▶ Task details:
The output should match, line for line, the records from the line containing "У телевизоров разный" through the line containing "Grin Boost超增壓模式啟動鈕,下方兩個自訂按鈕則可以設定啟動N e-Shift功能或是N自訂設定組合![]()", with every picture left out.

▶ Records shown:

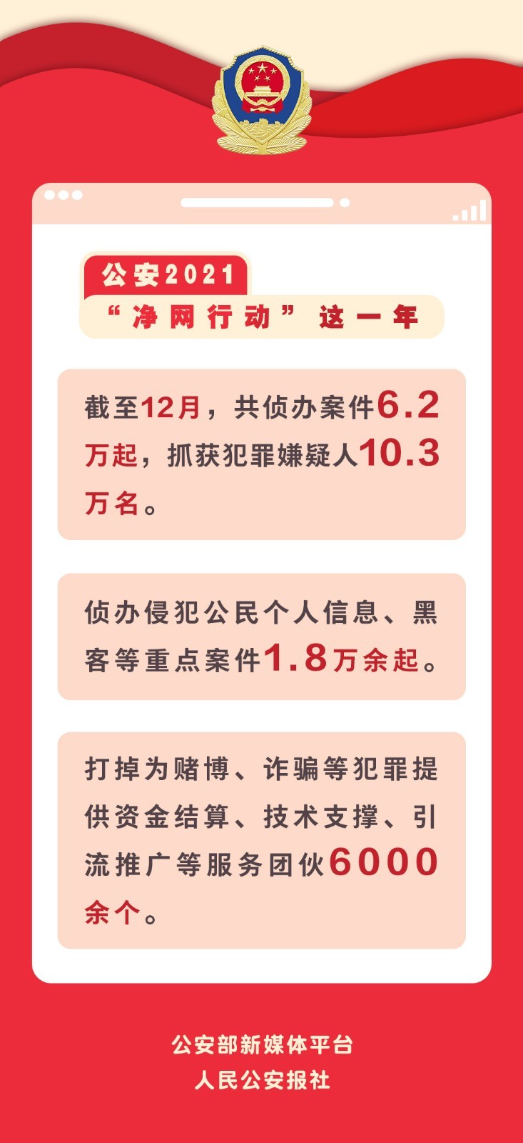 2021年,全国公安机关深入推进“净网2021”专项行动,聚焦人民群众关切的突出网络违法犯罪和网络乱象,持续发起强大攻势,全力打好网络犯罪歼灭战和网络空间生态治理战。
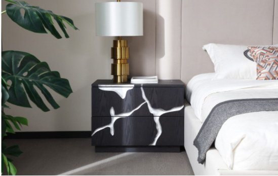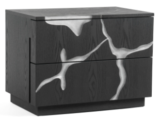Matte Brown Ash & Silver 2 Drawer Nightstand
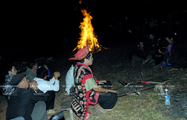 Bắt đầu Lễ hội nhảy lửa, thầy mo Sình Văn Phong làm lễ cầu thần linh. Lễ vật cúng tế bao gồm: 1 chiếc đàn sắt, 1 con gà, 10 chén rượu và 1 xấp tiền giấy.
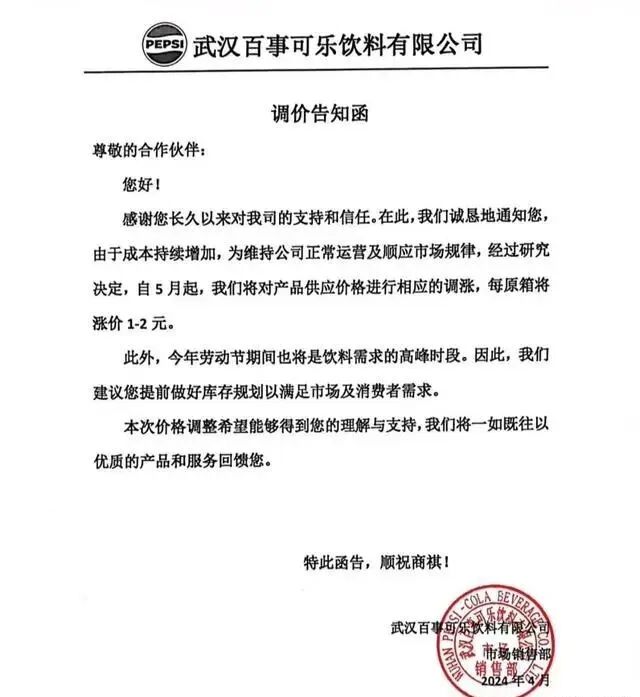 4月份,网络还流传了一份加盖了“武汉百事可乐饮料有限公司”公章的告知函,其中显示,“由于成本持续增加,为维持公司正常运营及顺应市场规律,经研究决定,自5月起,我们将对产品供应价格进行相应的调涨,每原箱将涨价1-2元”。
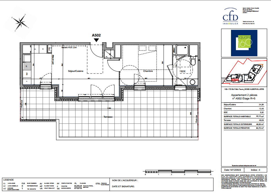 Venez découvrir ce grand T2 de 42.98 m² situé au 5ème étage d'un immeuble neuf, composé d'un séjour, d'une chambre, cuisine aménagée, terrasse de 40.59 m², une salle d'eau avec WC intégré.
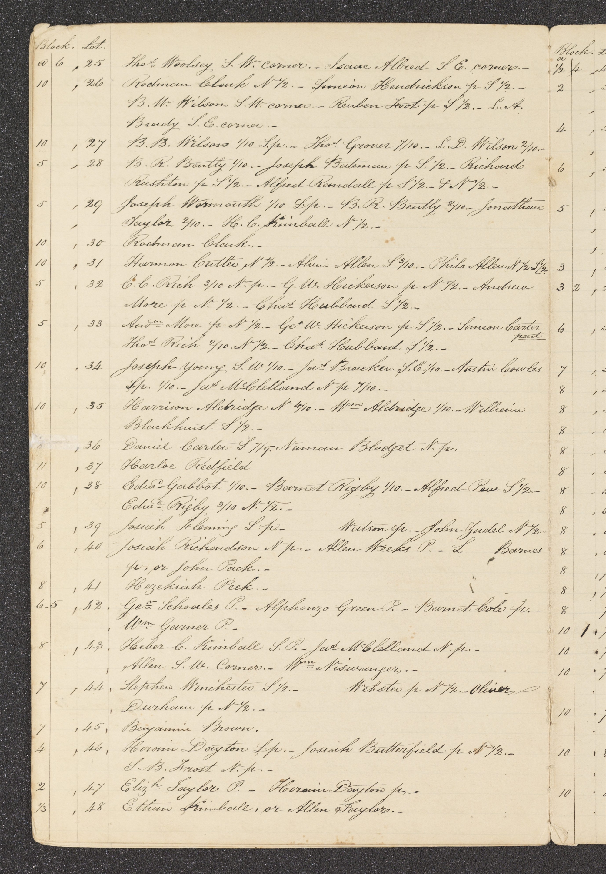 | 10 | 26 | N½.— p S½.— B. W. Wilson S.W. corner.— Reuben Foot[e] p S½.— S.E. corner.— |
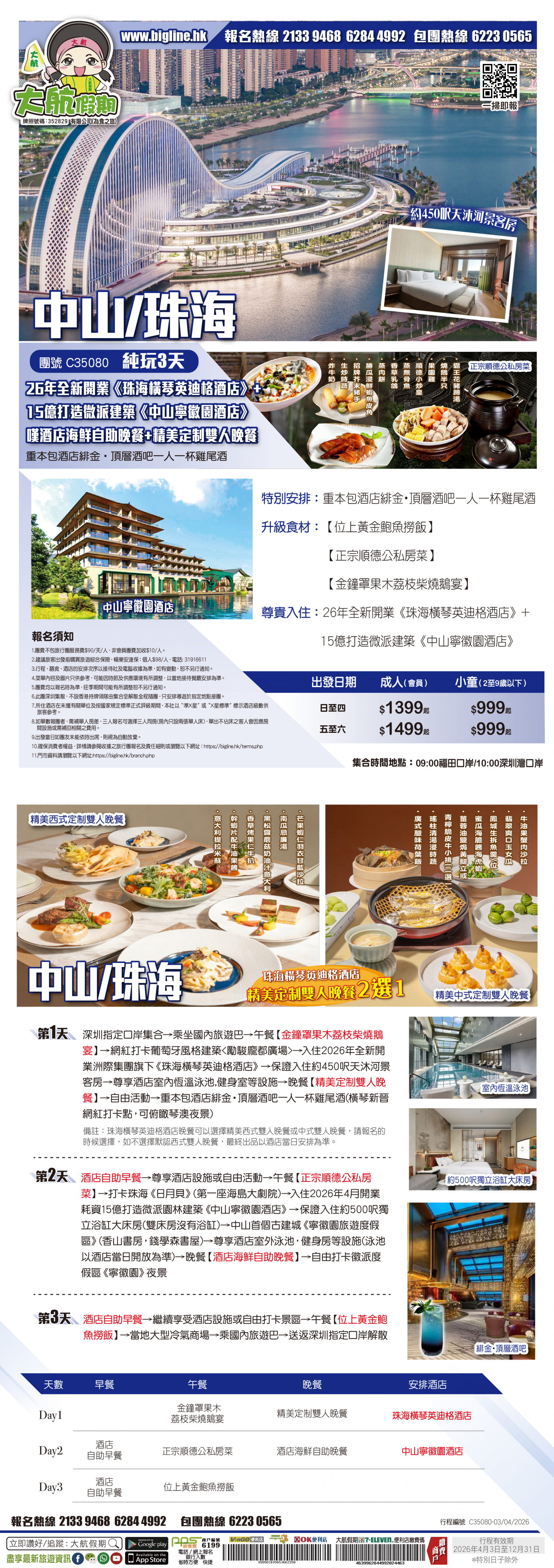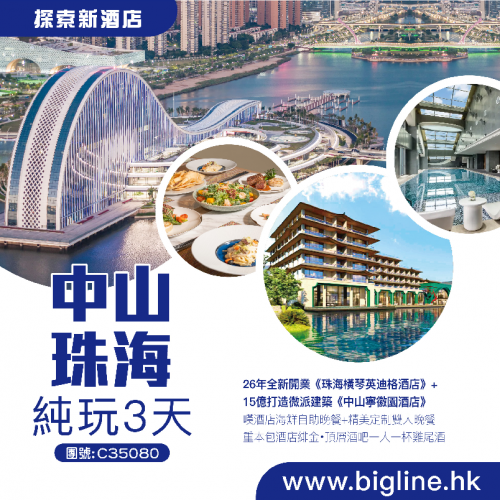【探索新酒店】26年全新開業《珠海橫琴英迪格酒店》+15億打造微派建築《中山寧徽園酒店》嘆酒店海鮮自助晚餐+精美定制雙人晚餐 重本包酒店緋金・頂層酒吧一人一杯雞尾酒 純玩3天
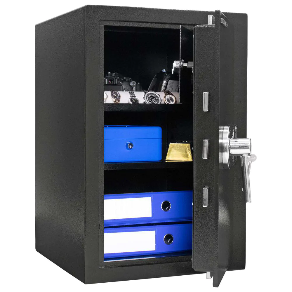 Acest model include doua rafturi reglabile si un seif interior fix cu incuietoare separata, ideal pentru organizarea valorilor dupa nivelul de acces „master/user”.
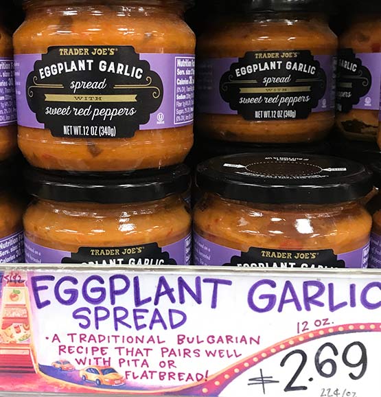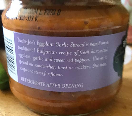 This spread, which is made in Bulgaria, is absolutely delicious. I tried this (vegetarian) spread as a dip served with some warm flatbread – a combo made in heaven. I can easily see this used in other ways besides being just a dip or spread. You could serve this on top, or on the side of say grilled chicken or fish. Or pasta. Add a few spoons to your pasta dish (or gnocchi or polenta) along with lots of garlic and olive oil. Inside an omelet? Sure. Now as yummy as it is, personally I would like more garlic. I have a feeling if your (Bulgarian) grandma made this spread it might actually have enough garlic in it to kill vampires. My late Jewish grandma (Romanian by birth) made a delicious roasted eggplant spread that had a ton – and I mean a ton – of garlic in it and it was fantastic. So just to see if more garlic would be a good addition with this spread, I mashed up a few cloves of garlic, mixed it in and let it sit for an hour to develop. OMG, it was now even better, if you love garlic of course. So I suggest doing this and adding a slug of good olive oil too. If you do this, the spread tastes homemade! However even just out of the jar, this spread is delicious, kind of an “Eggplant Caviar”. This spread is something I can easily see putting out for guests who suddenly showed up, along with some crackers, which would take all of 2 minutes of work, and would look impressive and have them asking you “yum, this dip is delicious; did you make it?”. If you put a few cloves of garlic in it, I would tell them with a straight face, yes I did. Its $2.69 for a 12 oz jar. Serve with warm pita or naan, or flatbread or toast or crackers…..
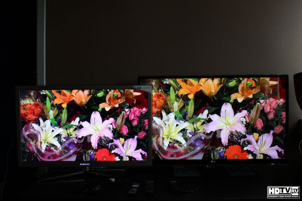 У телевизоров разный характер цветовоспроизведения. LG LX9500 имеет яркую картинку с повышенным уровнем яркости, что важно для просмотра в 3D режиме днем. Однако, у Samsung C8000 есть возможность увеличить уровень подсветки через меню в 3D режиме.
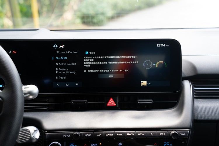 ![]() ▲N性能多功能方向盤上可直接切換駕駛模式,右上方有N Grin Boost超增壓模式啟動鈕,下方兩個自訂按鈕則可以設定啟動N e-Shift功能或是N自訂設定組合![]() ▲平視投影顯示器也會在不同模式下呈現不同畫面![]() ▲前排中央固定式中央鞍座上有3個USB-C插孔+1個12V電源插孔,也有手機無線充電板![]() ▲N Alcantara輕量化跑車座椅有預留四點或六點式安全帶安裝孔![]() ▲ 中央鞍座下方的置物盒中有兩格按壓彈出式置杯架![]() ▲前排中央扶手下方也有空間方正的置物空間![]() ▲12.3吋數位儀錶顯示幕提供比一般更為細節的車輛資訊![]() ▲12.3吋中控螢幕以整齊明瞭的畫面方便車主閱讀與操作
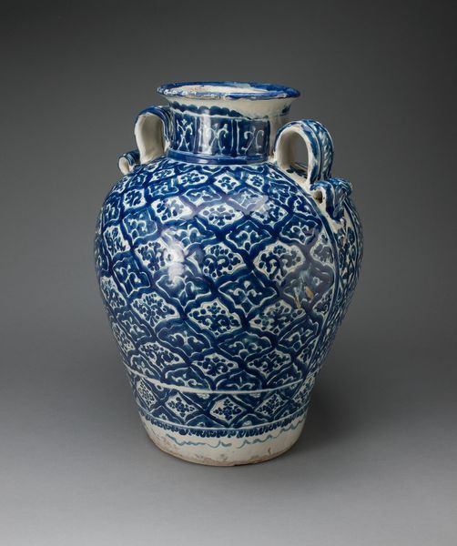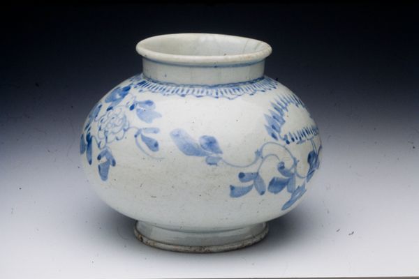 This ceramic jar, made by an anonymous artist, presents a study in contrasts through its simple yet striking design. The rounded form of the jar is immediately softened with a bright white glaze, over which cobalt blue designs dance, creating a dynamic interplay between form and surface. The painted floral patterns and geometric band introduce a dialogue between organic and geometric shapes. These motifs create a visual rhythm that guides the eye around the jar's circumference, alluding to the continuous cycle of nature and the structured order of human design. The texture of the ceramic, smooth yet subtly uneven, speaks to the handcrafting involved, a testament to the tactile qualities of the medium. What is interesting is how the artist destabilizes any fixed meaning; while the floral patterns evoke themes of growth and beauty, the geometric pattern suggests formality, thereby engaging with perception and representation. The jar becomes a site of ongoing interpretation, with the eye constantly moving between the curves of the flowers and the sharp angles of the design.

▶ Response to this task:
 У телевизоров разный характер цветовоспроизведения. LG LX9500 имеет яркую картинку с повышенным уровнем яркости, что важно для просмотра в 3D режиме днем. Однако, у Samsung C8000 есть возможность увеличить уровень подсветки через меню в 3D режиме.
 ![]() ▲N性能多功能方向盤上可直接切換駕駛模式,右上方有N Grin Boost超增壓模式啟動鈕,下方兩個自訂按鈕則可以設定啟動N e-Shift功能或是N自訂設定組合![]() ▲平視投影顯示器也會在不同模式下呈現不同畫面![]() ▲前排中央固定式中央鞍座上有3個USB-C插孔+1個12V電源插孔,也有手機無線充電板![]() ▲N Alcantara輕量化跑車座椅有預留四點或六點式安全帶安裝孔![]() ▲ 中央鞍座下方的置物盒中有兩格按壓彈出式置杯架![]() ▲前排中央扶手下方也有空間方正的置物空間![]() ▲12.3吋數位儀錶顯示幕提供比一般更為細節的車輛資訊![]() ▲12.3吋中控螢幕以整齊明瞭的畫面方便車主閱讀與操作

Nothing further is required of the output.